Comparison of two-photon optogenetics-based connectivity and synchrony during sensory stimulation: (a) another representative FOV different from that in Fig. 2 where the neuronal activity was assessed. (b) Percent change in GCaMP6s fluorescence ($\mathrm{\Delta }F/F$) during sensory stimulation (upper) and scatter plots of $\mathrm{\Delta }\mathrm{Activity}$ for the target and labeled cells (lower). The upper part shows representative data from seven out of 20 stimulation periods during the experiments. Correlation coefficients characterizing the connectivity based on synchrony during sensory stimulation (r-values) are shown in the top right of the plots. (c) On the left is a comparison of the correlation coefficient maps obtained with (1) two-photon optogenetics, (2) resting-state synchrony, (3) synchrony during sensory stimulation, and (4) resting-state synchrony after sensory stimulation. To the right of these maps are scatter plots comparing the t-values obtained for two-photon optogenetics with those obtained for resting-state synchrony and synchrony during sensory stimulation. (d) Comparison of the set of r-values obtained for two-photon optogenetics versus resting-state synchrony [same analysis as for Fig. 2(c)], the set of r-values obtained for two-photon optogenetics versus sensory stimulation [shown in panel (c), bottom right], and the set of r-values obtained for two-photon optogenetics versus resting-state after sensory stimulation. The results shown are for the eight experiments where the target neuron did not respond to the external sensory stimulation. The three sets of r-values were compared with the Friedman tests. (e) Comparison of the three sets of p-values accompanying the r-values. The three sets of p-values were also compared with Friedman tests.

Fig. 4

Evaluation of neuronal connectivity in the hypoperfusion model using the two-photon optogenetics-based method: (a) a mouse model of common carotid artery occlusion (CCAO). The left common carotid artery (ipsilateral to the cranial window) was separated from the jugular vein and the vagus nerve (not shown) to be ligated. In this model, there is no significant change in T2WI to indicate cerebral infarction despite reduced blood flow (CBF-ASL). (b) The upper row of images shows a representative FOV before (pre) and 1, 2, and 4 weeks after CCAO. The lower images show corresponding correlation coefficient maps.
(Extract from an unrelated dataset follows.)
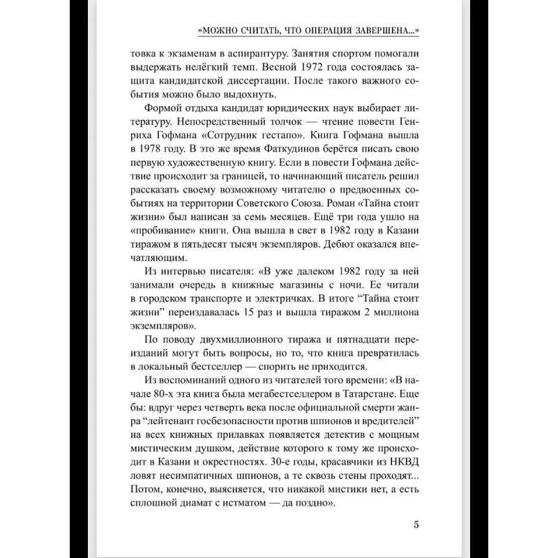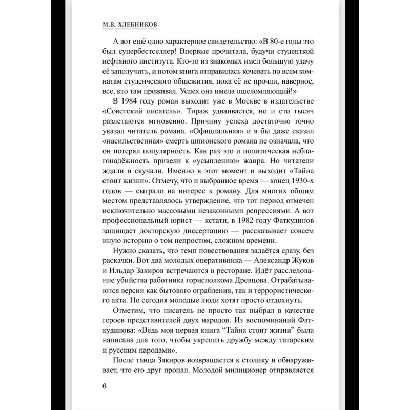 Роман «Тайна стоит жизни» (1982) Зуфара Фаткудинова (1940—2019) относится к поздним образцам советского шпионского романа. Писатель, используя опыт своих предшественников, предлагает читателю обновлённый вариант всеми любимого жанра. Действие книги разворачивается в конце 1930‑х годов в Поволжье. Бандитское подполье активизируется в крупном городе Светловолжске. Неподалеку от него начинает работать таинственный радиопередатчик. Многие следы ведут в старинный Волжский монастырь. Молодым чекистам Ильдару Закирову и Александру Жукову предстоит раскрыть тайны прошлого и настоящего, часть которых сокрыта в мрачных подземных ходах. Действие в романе развивается стремительно и непредсказуемо. Советский бестселлер начала 1980‑х возвращается к читателю.
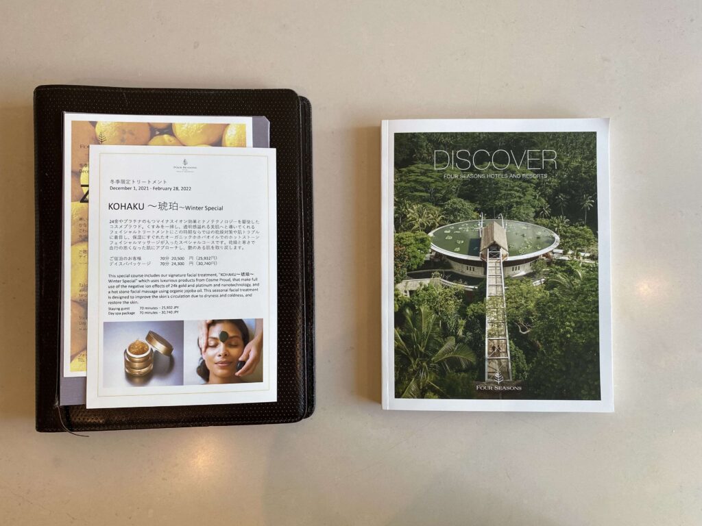 チェックインからお部屋に入るまで十分にフォーシーズンズ感を満喫できたところで、次の章から、お部屋もチェックしていきましょう。

The target neurons are indicated by the yellow arrows in the upper images and by yellow dots in the lower maps. (c) Mean of the r-values for each animal (dashed lines) and the average over all five animals (solid line) before (pre) and 1, 2, and 4 weeks after CCAO. Differences between the means of the r-values at each of the four timepoints were evaluated with the Friedman test. (d) Mean of the r-values for each animal (dashed lines) and the average (solid line) for five control animals without CCAO measured at the same timepoints as for (c).